Posted to commits@spark.apache.org by me...@apache.org on 2015/05/28 21:03:50 UTC
spark git commit: [SPARK-7911] [MLLIB] A workaround for VectorUDT
serialize (or deserialize) being called multiple times
Repository: spark
Updated Branches:
refs/heads/master 000df2f0d -> 530efe3e8
[SPARK-7911] [MLLIB] A workaround for VectorUDT serialize (or deserialize) being called multiple times
~~A PythonUDT shouldn't be serialized into external Scala types in PythonRDD. I'm not sure whether this should fix one of the bugs related to SQL UDT/UDF in PySpark.~~
The fix above didn't work. So I added a workaround for this. If a Python UDF is applied to a Python UDT. This will put the Python SQL types as inputs. Still incorrect, but at least it doesn't throw exceptions on the Scala side. davies harsha2010
Author: Xiangrui Meng <me...@databricks.com>
Closes #6442 from mengxr/SPARK-7903 and squashes the following commits:
c257d2a [Xiangrui Meng] add a workaround for VectorUDT
Project: http://git-wip-us.apache.org/repos/asf/spark/repo
Commit: http://git-wip-us.apache.org/repos/asf/spark/commit/530efe3e
Tree: http://git-wip-us.apache.org/repos/asf/spark/tree/530efe3e
Diff: http://git-wip-us.apache.org/repos/asf/spark/diff/530efe3e
Branch: refs/heads/master
Commit: 530efe3e80c62b25c869b85167e00330eb1ddea6
Parents: 000df2f
Author: Xiangrui Meng <me...@databricks.com>
Authored: Thu May 28 12:03:46 2015 -0700
Committer: Xiangrui Meng <me...@databricks.com>
Committed: Thu May 28 12:03:46 2015 -0700
----------------------------------------------------------------------
.../org/apache/spark/mllib/linalg/Vectors.scala | 19 ++++++++++++++-----
1 file changed, 14 insertions(+), 5 deletions(-)
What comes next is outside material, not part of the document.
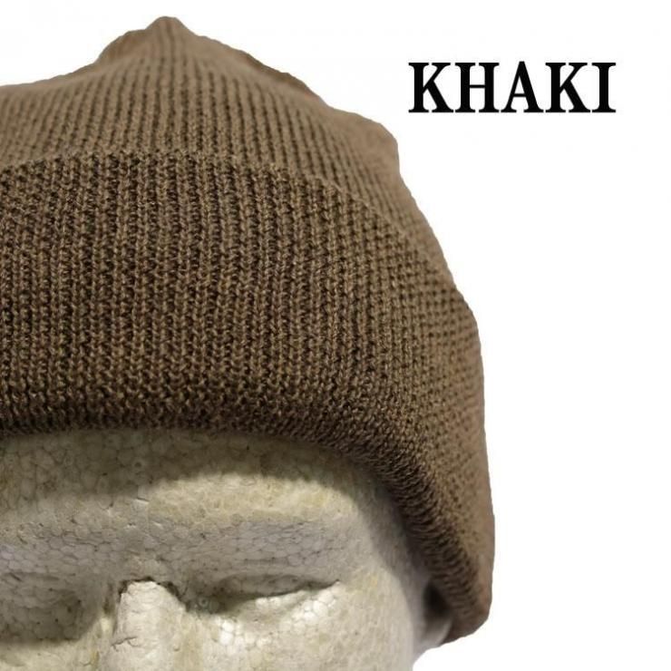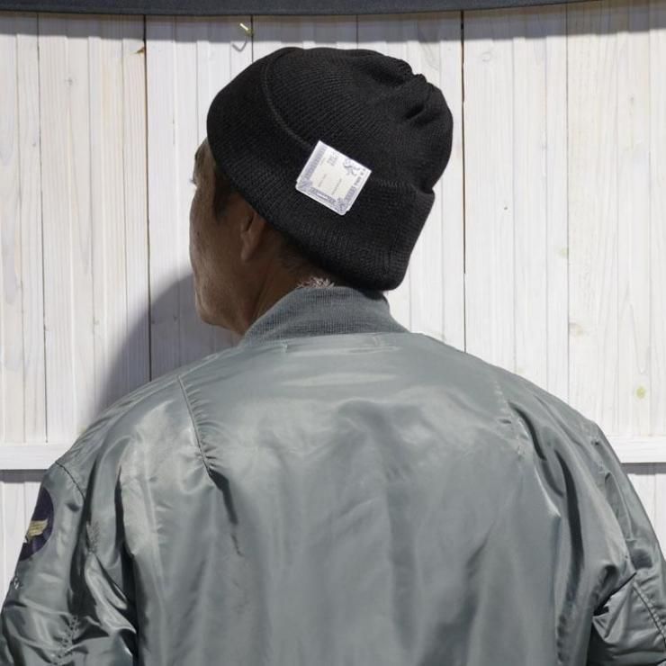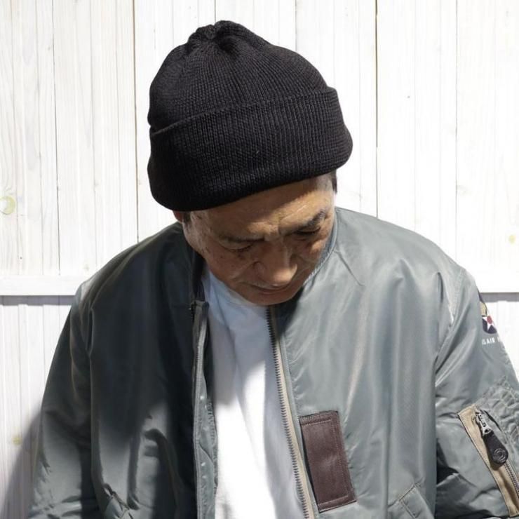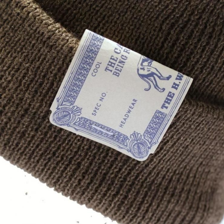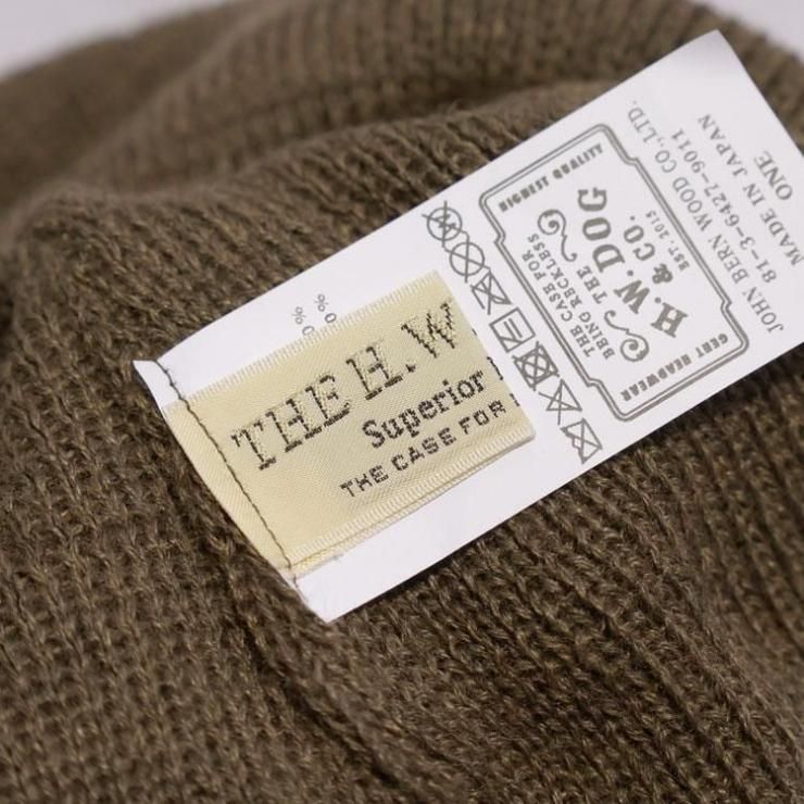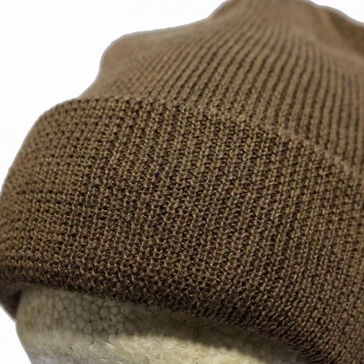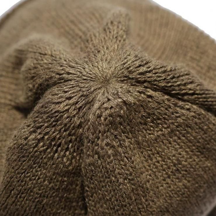 被り方は帽子内側を確認し、つなぎ目を後ろに来る様に着用するのがポイント。また着用時にペーパーラベルが後ろやや左側に来るように被ると形がキレイに出ます。被った時の本当に絶妙な丁度良いテンションと深すぎない帽体の深さ、自在に楽しめる裾のロール幅、編み形状や絞り位置などドッグならではのスタイル感は絶妙。非常に軽さがあり、ややライトな生地厚は、実用性の富んだスタイルとその暖かさ、ウールとアクリルの生地で構成されるアイテムで、つかいやすさの大きな理由の一つです!またテンションも締め付けすぎず、嫌味の無いテンションが被りやすさを体感できる理由の一つですね。

----------------------------------------------------------------------
http://git-wip-us.apache.org/repos/asf/spark/blob/530efe3e/mllib/src/main/scala/org/apache/spark/mllib/linalg/Vectors.scala
----------------------------------------------------------------------
diff --git a/mllib/src/main/scala/org/apache/spark/mllib/linalg/Vectors.scala b/mllib/src/main/scala/org/apache/spark/mllib/linalg/Vectors.scala
index f6bcdf8..2ffa497 100644
--- a/mllib/src/main/scala/org/apache/spark/mllib/linalg/Vectors.scala
+++ b/mllib/src/main/scala/org/apache/spark/mllib/linalg/Vectors.scala
@@ -176,27 +176,31 @@ private[spark] class VectorUDT extends UserDefinedType[Vector] {
}
override def serialize(obj: Any): Row = {
- val row = new GenericMutableRow(4)
obj match {
case SparseVector(size, indices, values) =>
+ val row = new GenericMutableRow(4)
row.setByte(0, 0)
row.setInt(1, size)
row.update(2, indices.toSeq)
row.update(3, values.toSeq)
+ row
case DenseVector(values) =>
+ val row = new GenericMutableRow(4)
row.setByte(0, 1)
row.setNullAt(1)
row.setNullAt(2)
row.update(3, values.toSeq)
+ row
+ // TODO: There are bugs in UDT serialization because we don't have a clear separation between
+ // TODO: internal SQL types and language specific types (including UDT). UDT serialize and
+ // TODO: deserialize may get called twice. See SPARK-7186.
+ case row: Row =>
+ row
}
- row
}
override def deserialize(datum: Any): Vector = {
datum match {
- // TODO: something wrong with UDT serialization
- case v: Vector =>
- v
case row: Row =>
require(row.length == 4,
s"VectorUDT.deserialize given row with length ${row.length} but requires length == 4")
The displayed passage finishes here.